VI. Make sure that the rough machining is carried out according to the operating rules, that the food is washed first and then cut, that the food on the rice table is placed beautifully and neatly, that the fly prevention measures should be strengthened in summer, and that the heat preservation work should be done well in winter.

seven, we must do a good job in purchasing all kinds of food such as grain, oil and vegetables, and do a good job in all kinds of inventory at the end of the month and related matters.

8. To ensure the quality of all kinds of materials, food and vegetables, the supply must be timely, less frequent purchases should be made, and the price should be cost-effective.

IX. Correctly handle the working relationship between restaurant staff at all levels, and support each other, get along well and work together.

11. The purchased goods must be accepted by the inspector of the canteen warehouse management center and the restaurant manager at the same time and then signed on the invoice before being submitted to the accountant for reimbursement.

Xi. Materials (tableware, cookers) and other materials needed for the kitchen must be reported to the management office for approval before purchasing.

12. We should consciously do our job well, work hard, constantly improve the quality of food, and ensure that there are no mistakes and accidents.

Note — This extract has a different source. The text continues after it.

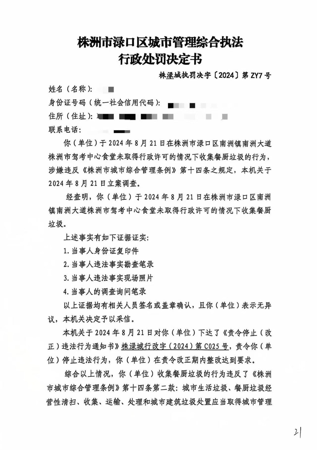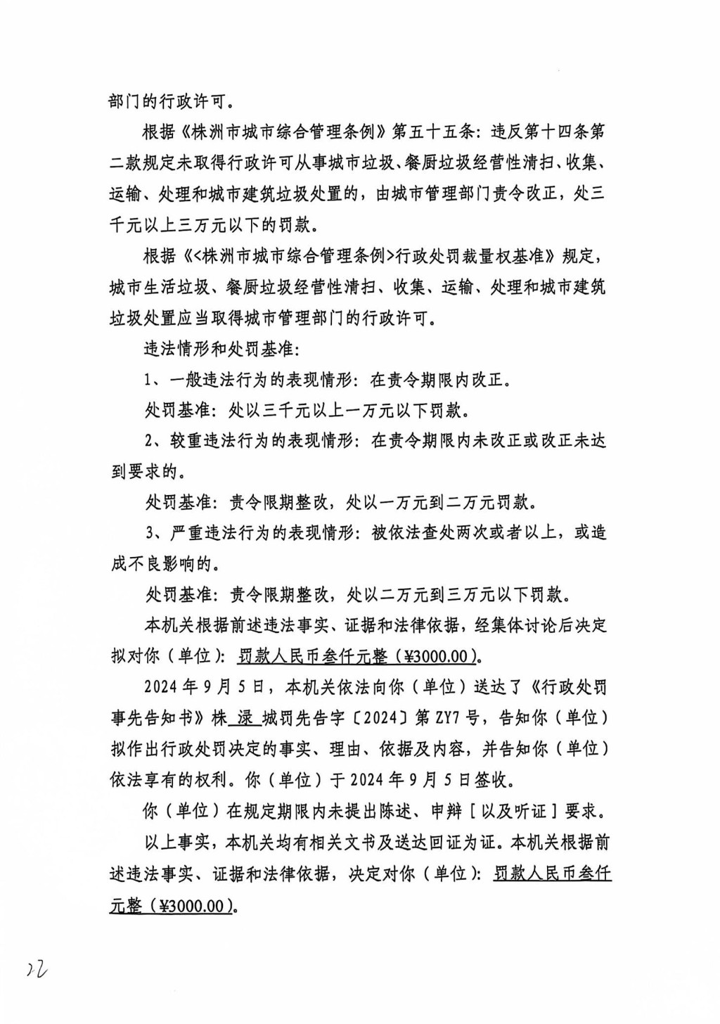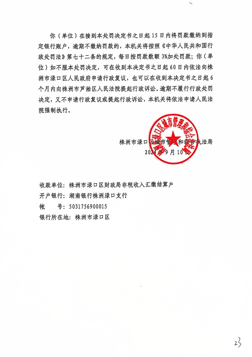 株洲市渌口区城市管理和综合执法局行政处罚决定书 株(渌)城执罚决字〔2024〕第ZY7号

XIII. Wear work clothes during working hours. Smoking and other matters unrelated to work are strictly prohibited during working hours. Take a bath regularly. Haircut, do not leave too long nails. For the health areas distributed to individuals, it is necessary to clean them up in time to ensure the cleanliness of drinking utensils, floors and warehouses. The restaurant manager is responsible for the overall cleaning of the restaurant on Friday, so that the restaurant is always clean, hygienic and orderly.

XIV. To further improve the target management system and the construction of various systems, it is necessary to further improve the assessment methods.

Fifteenth, take changing the service mode and improving the service consciousness as the breakthrough point, and focus on improving the canteen diet and strengthening the food quality, and grasp the truth and the facts.

XVI. Give full play to the functions of the management committee, hold regular meetings, and timely listen to and feedback the information among teachers and students.

XVII. All staff should accept new challenges with a new attitude. In order to ensure the all-round development of catering work, we are confident to abide by all the rules and regulations of the school, pay attention to economy, implement the work and make due efforts to establish a good overall image.